A surge in new Covid-19 cases in the South yesterday raises doubts whether the region has reached its peak in cases, the Southern District Health Board has been told.
A further 1456 cases were reported yesterday, the second-highest daily total yet across Otago and Southland, and a further person with Covid-19 died.
Hospitalisations were down slightly on Monday's pandemic high of 33, but wards were under pressure and patients were having to be transferred from Southland Hospital to Dunedin to ease strain on the Invercargill facility, Covid ward, SDHB acting quality and clinical governance solutions director Dr Hywel Lloyd said.
"We transferred a couple of patients over the weekend, following a couple of patients last week, to ease the pressure on Southland Hospital and care for them in Dunedin Hospital where we have greater capacity.
"We have done that so that we can try and maintain our usual work in Southland as well as care for Covid cases."
Dunedin Hospital was yesterday caring for 14 people with Covid-19, plus one case in intensive care.
There were 12 Covid-positive patient in Southland Hospital, and one in Lakes.

Primary care was also under pressure and GPs and nurses were monitoring more than 300 serious home-based cases, Dr Lloyd said.
"WellSouth do a survey every couple of weeks and primary care says they are under considerable pressure and that some of the routine appointments at practices are becoming less available, but they are managing all the cases that they need to from an Omicron perspective.
"They are squeezed, but they are managing to get the work done."
Southern case numbers had been "bouncing about" in recent weeks, which made it hard to assess the trend in Covid numbers, Dr Lloyd said.
"We have got quite a broad, flattened curve with quite a prolonged peak so it is really tricky to work out whether we have actually peaked or whether we haven’t, but that certainly is not the case yet with our hospital admissions."
A closer look at the ages of southerners who had caught Covid-19 suggested that cases were yet to peak for people aged 65-plus, Dr Lloyd said.
Aged residential care in particular, with its large population of vulnerable people remained a concern.
Staff at 62 of the 65 southern facilities had contracted the disease, as had residents at a quarter of facilities; 12% had active cases now, Dr Lloyd said.
"Those are our most vulnerable and when it gets into that age bracket that will also affect our hospital admissions."

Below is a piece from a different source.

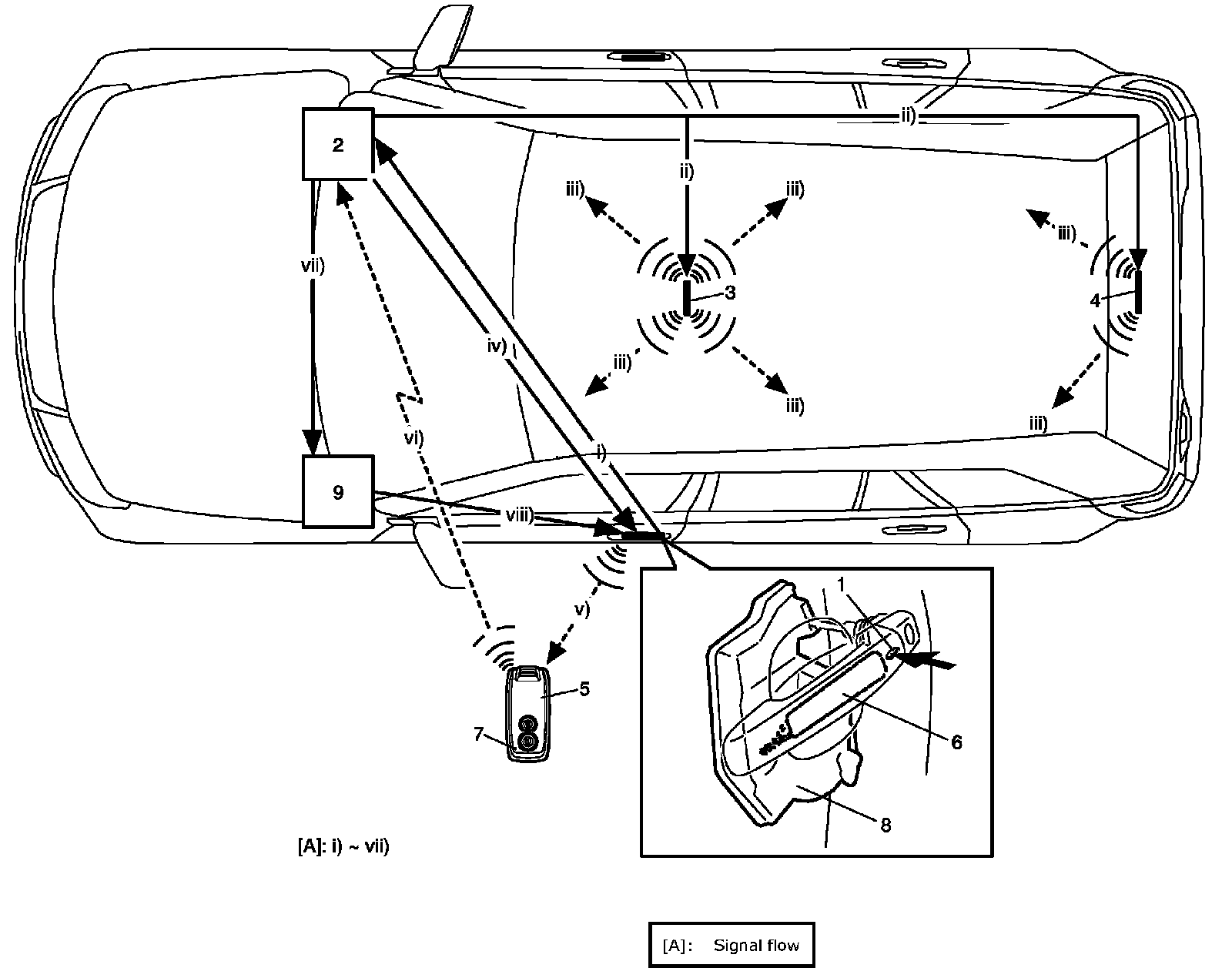Description of Keyless Start System Door Lock FunctionWhen the request switch (1) incorporated in the outside handle of the driver side door, front passenger side door or rear end door is pushed, the keyless start control module (2) activates the center antenna (3) and luggage room antenna (4) to send out the radio wave in the vehicle compartment to check if the remote controller (5) is in the vehicle compartment or not. When the keyless start control module receives no signal from the remote controller (i.e., the remote controller does not exist in the vehicle compartment), it activates the antenna (6) of the door of which the request switch has been pushed to send the request signal out of the compartment. If the remote controller exists within the door lock operation area, it receives the request signal sent from the above said antenna, sends the ID code of the remote controller and the request signal to the keyless start control module and at the same time, it makes the operation indicator light (7) of the remote controller light up. Lighting of the operation indicator light indicates that the remote controller sent the ID code and the request signal.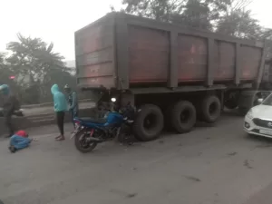 0 खड़ी ट्रेलर में घुसी बाइक

One positive was that about 90% of over-65s had received booster shots of the Covid-19 vaccine, something which would provide them with the maximum protection possible against Omicron, Dr Lloyd said.
SDHB chief executive Chris Fleming said the southern health system was coping with the Omicron outbreak, but it was under increasing degrees of stress and strain.
"I’m proud of how the collective health system is responding and reacting."
Dr Lloyd said while Dunedin and Queenstown-Lakes had been the early focus of the pandemic, Covid-19 was now well spread throughout Otago and was particularly surging in Invercargill and Southland, where he suspected that the disease was still far from reaching its peak.
Yesterday’s regional breakdown of Covid cases backed Dr Lloyd. There were 371 new cases in Invercargill yesterday, just behind 402 new cases in Dunedin.
Invercargill and Southland combined had 2814 active cases of Covid-19 yesterday, while Dunedin had 2312.
A further 208 cases were reported in Queenstown-Lakes yesterday, where there are 1143 active cases of Covid-19.
Nationally, 14,120 new Covid-19 cases were reported, the southern cases making up about 10% of country’s new infections.
Across New Zealand the deaths of a further 23 people who had Covid-19 were reported, that figure being drawn from deaths over the past nine days.